:: WHAT IS EXPECTED ::
What is needed is an exact reproduction of the lines in the records below, starting at the line with "Scrub Mask Packaging" and ending at the line with "wir sorgen in", both included, and nothing else; pictures stay out.

:: MATERIAL FOR THIS EXERCISE ::

::::

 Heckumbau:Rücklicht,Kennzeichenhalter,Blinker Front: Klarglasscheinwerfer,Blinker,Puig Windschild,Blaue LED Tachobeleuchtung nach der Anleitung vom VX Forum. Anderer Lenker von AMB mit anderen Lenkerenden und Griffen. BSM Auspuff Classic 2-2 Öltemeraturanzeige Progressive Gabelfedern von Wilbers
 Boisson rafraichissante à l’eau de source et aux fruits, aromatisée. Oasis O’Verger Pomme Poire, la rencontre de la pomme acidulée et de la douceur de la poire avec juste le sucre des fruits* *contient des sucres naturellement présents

::::

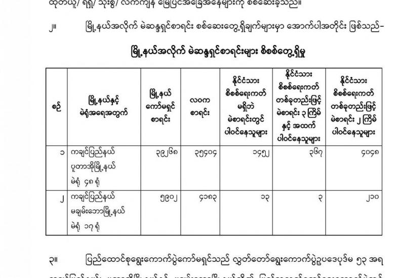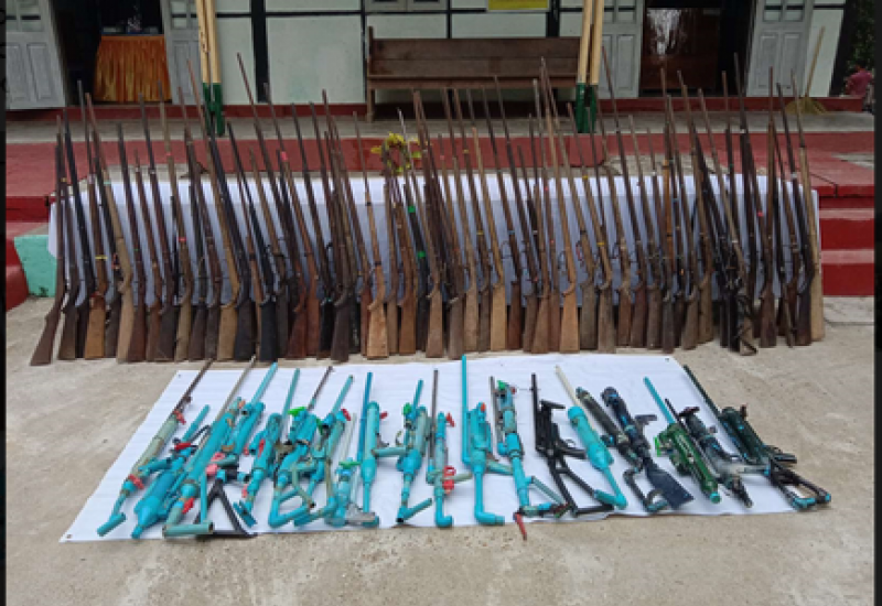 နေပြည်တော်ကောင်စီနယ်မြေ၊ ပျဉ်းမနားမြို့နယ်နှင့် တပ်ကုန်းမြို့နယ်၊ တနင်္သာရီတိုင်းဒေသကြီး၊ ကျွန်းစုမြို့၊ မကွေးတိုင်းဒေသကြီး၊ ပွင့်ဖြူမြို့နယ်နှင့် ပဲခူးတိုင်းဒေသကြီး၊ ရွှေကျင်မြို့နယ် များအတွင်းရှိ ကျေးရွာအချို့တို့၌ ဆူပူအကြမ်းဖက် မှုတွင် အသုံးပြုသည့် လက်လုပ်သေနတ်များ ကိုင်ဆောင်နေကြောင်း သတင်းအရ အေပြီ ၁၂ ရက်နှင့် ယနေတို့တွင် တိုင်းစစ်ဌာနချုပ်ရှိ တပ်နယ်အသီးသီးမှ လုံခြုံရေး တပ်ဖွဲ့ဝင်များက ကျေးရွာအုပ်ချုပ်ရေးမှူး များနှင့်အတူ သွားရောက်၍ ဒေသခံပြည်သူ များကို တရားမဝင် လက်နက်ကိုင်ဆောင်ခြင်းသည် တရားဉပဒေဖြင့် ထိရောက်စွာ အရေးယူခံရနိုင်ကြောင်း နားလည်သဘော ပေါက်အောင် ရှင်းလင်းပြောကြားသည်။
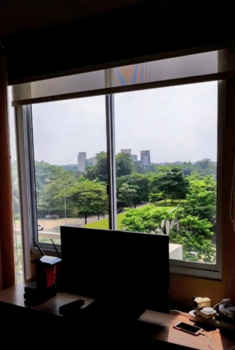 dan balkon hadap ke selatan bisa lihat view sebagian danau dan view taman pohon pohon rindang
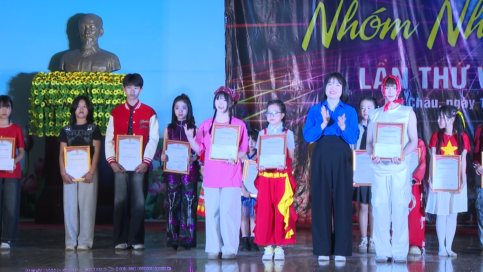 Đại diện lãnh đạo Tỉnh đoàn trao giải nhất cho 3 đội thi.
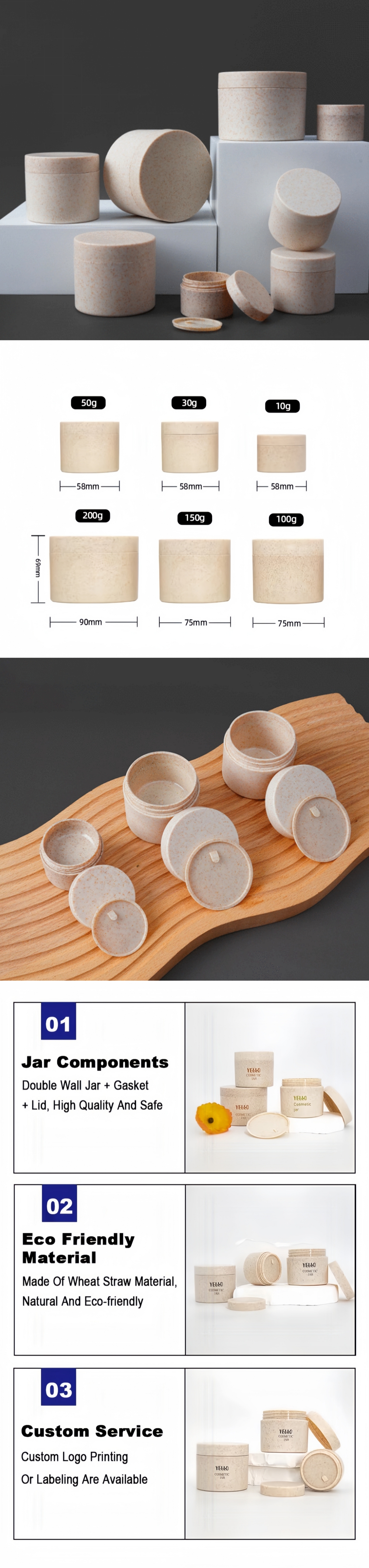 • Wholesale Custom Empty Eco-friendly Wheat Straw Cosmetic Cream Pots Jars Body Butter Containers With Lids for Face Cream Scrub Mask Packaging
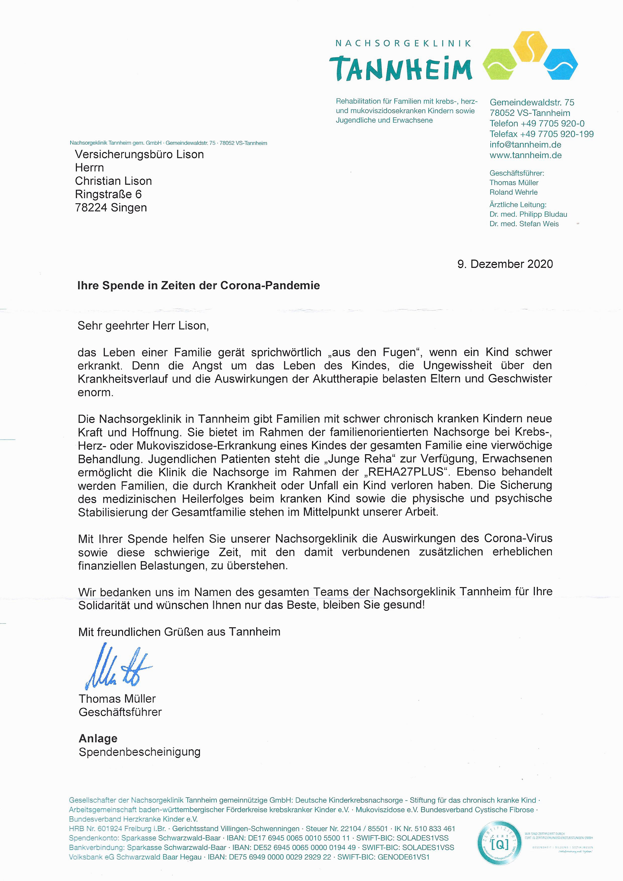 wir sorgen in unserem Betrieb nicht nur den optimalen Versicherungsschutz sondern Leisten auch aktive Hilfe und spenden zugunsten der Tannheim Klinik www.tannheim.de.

::::

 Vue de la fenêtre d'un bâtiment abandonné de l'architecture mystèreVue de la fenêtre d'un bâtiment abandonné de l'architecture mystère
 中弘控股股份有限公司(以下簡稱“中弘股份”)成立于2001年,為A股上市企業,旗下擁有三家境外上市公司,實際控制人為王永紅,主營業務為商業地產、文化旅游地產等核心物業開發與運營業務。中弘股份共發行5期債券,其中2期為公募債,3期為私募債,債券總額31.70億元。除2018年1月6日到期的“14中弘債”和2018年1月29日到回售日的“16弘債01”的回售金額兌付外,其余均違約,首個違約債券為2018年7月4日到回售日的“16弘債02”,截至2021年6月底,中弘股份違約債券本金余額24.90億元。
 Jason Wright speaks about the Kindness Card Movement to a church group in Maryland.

::::

:: SOLUTION TO THE PROBLEM ::
 • Wholesale Custom Empty Eco-friendly Wheat Straw Cosmetic Cream Pots Jars Body Butter Containers With Lids for Face Cream Scrub Mask Packaging
 wir sorgen in unserem Betrieb nicht nur den optimalen Versicherungsschutz sondern Leisten auch aktive Hilfe und spenden zugunsten der Tannheim Klinik www.tannheim.de.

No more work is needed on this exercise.